Internet e la tecnologia digitale sono ancora in cima ai pensieri degli italiani che però mostrano una maggiore consapevolezza nel loro uso. Un italiano su 3 riconosce di aver contratto una forma di dipendenza dal suo smartphone (peraltro i consumi continuano a crescere: + 3,6 %). E sui social  Whatsapp ha superato la ben più affollata Facebook (82,9% vs 68,8% la percentuale di utilizzo quotidiano).
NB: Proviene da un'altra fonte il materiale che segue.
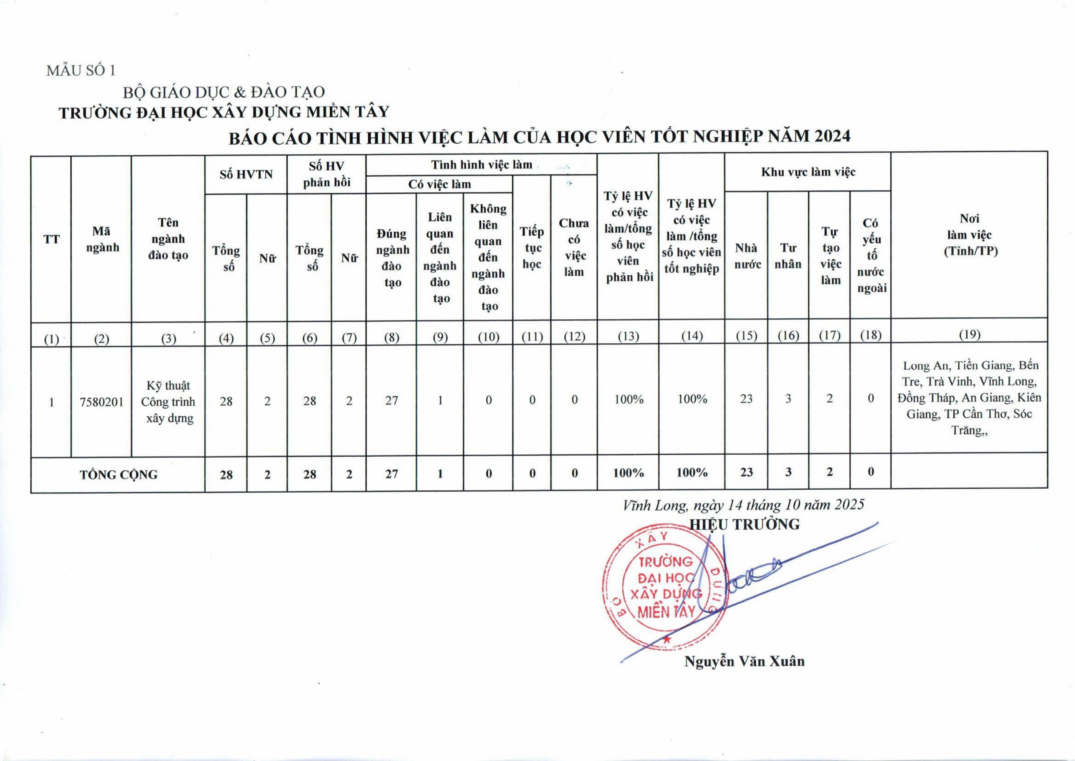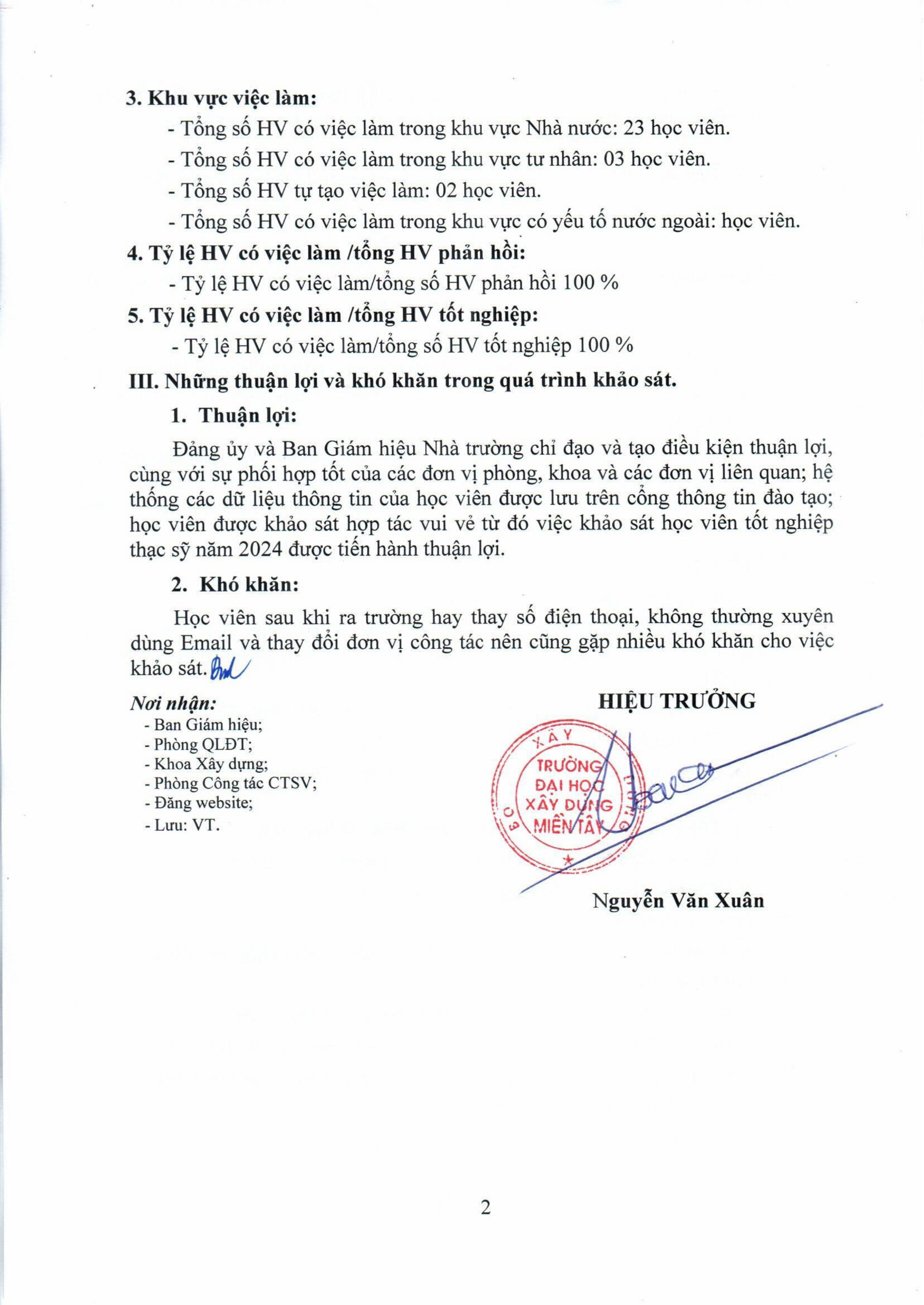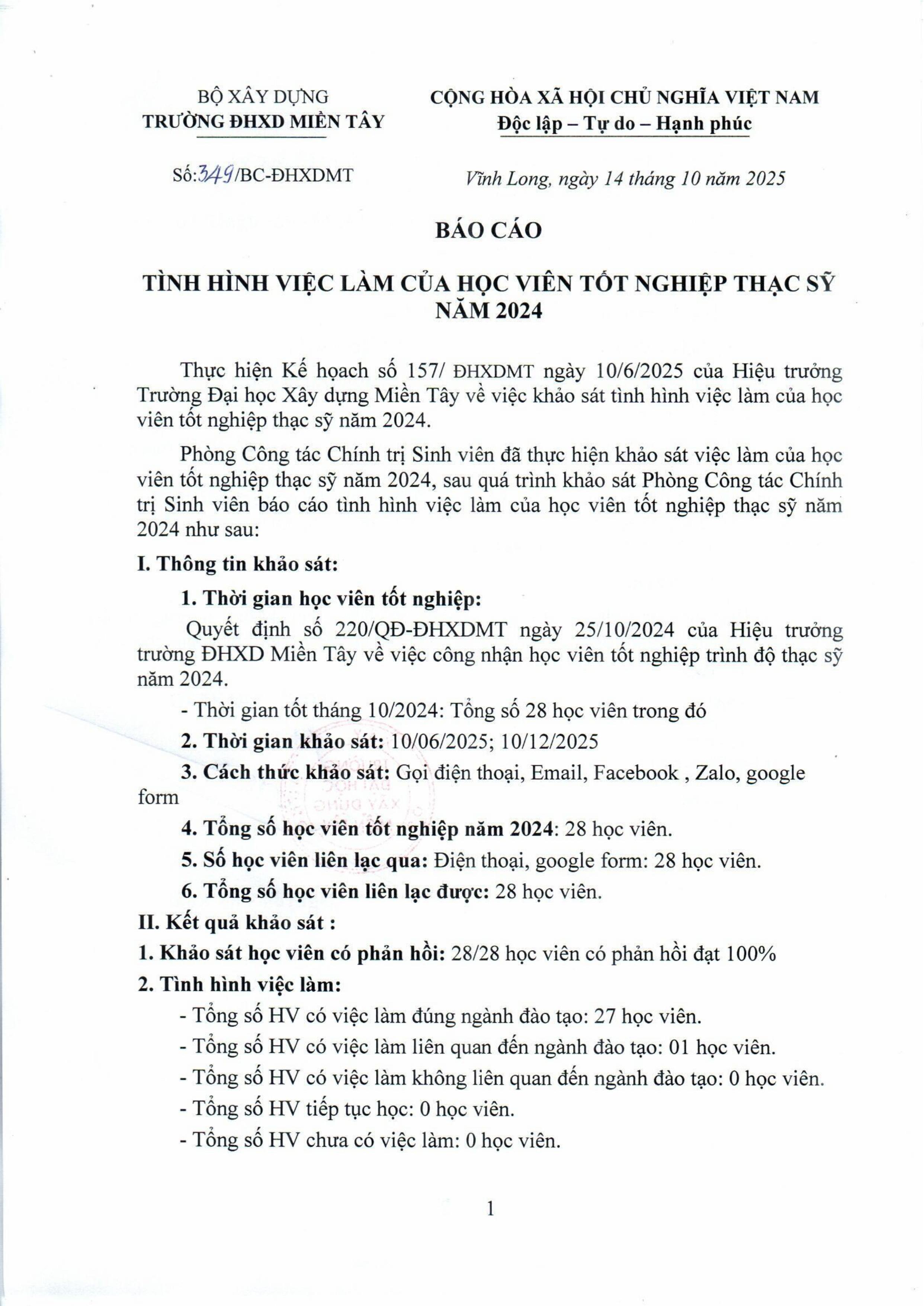 Báo cáo tình hình việc làm của học viên tốt nghiệp thạc sĩ năm 2024
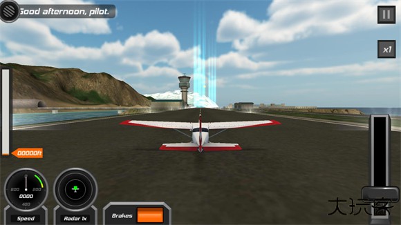 4、起飞时需要先将拉杆推到最高,等速度到达左边表盘的绿色区域就可以让飞机攀升起飞了。
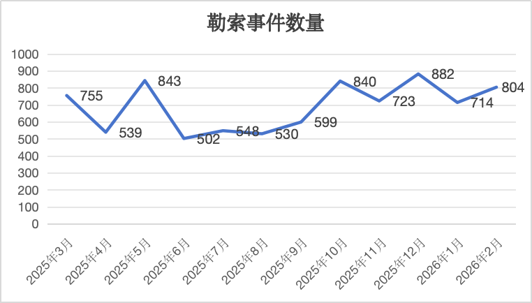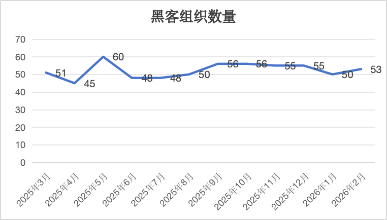 下图为近一年来黑客组织活跃度趋势图,从下图可看出,虽然每个月全球商业黑客组织的活动波动性较强(本月与上月相比有所减少),整体活跃度趋势正在逐步趋于稳定,统计末端(2026年2月)达到一年前统计前端(2025年3月)的106.5%:

Per la Gdo, un ruolo sociale 
Cosa si può e ci si deve aspettare, da un'insegna come Coop, dalle sue migliaia di soci che ogni giorno si confrontano con uno scenario dinamico, complesso e imprevedibile? Un'assunzione di responsabilità perchè non stiamo solo vendendo prodotti", spiega Pedroni. "Noi non siamo un partito, non facciamo politica, ma intendiamo diffondere consapevolezza su temi che riguardano tutti, prima che come consumatori, come italiani: la legalità, per esempio. Noi abbiamo rinunciato a 11 contratti di fornitura, quando abbiamo scoperto che non rispettavano le condizioni di tutela dei lavoratori che richiediamo e potevano in qualche modo favorire forme di caporalato. Per questo ci sentiamo di rimandare al presidente di Coldiretti Moncalvo l'accusa generalizzata mossa alla gdo di voler solo fare profitto. Non siamo tutti uguali, noi operatori del settore: solo impegnandosi nella diffusione di buone pratiche - nelle tecniche di produzione, nella tutela dei lavoratori, nell'appello alle istituzioni perchè colmino le diseguaglianze sociali, come facciamo da sempre - potremo davvero dirci degni protagonisti dello scenario sociale in cui operiamo", ha concluso Bassi. (Valeria Volponi)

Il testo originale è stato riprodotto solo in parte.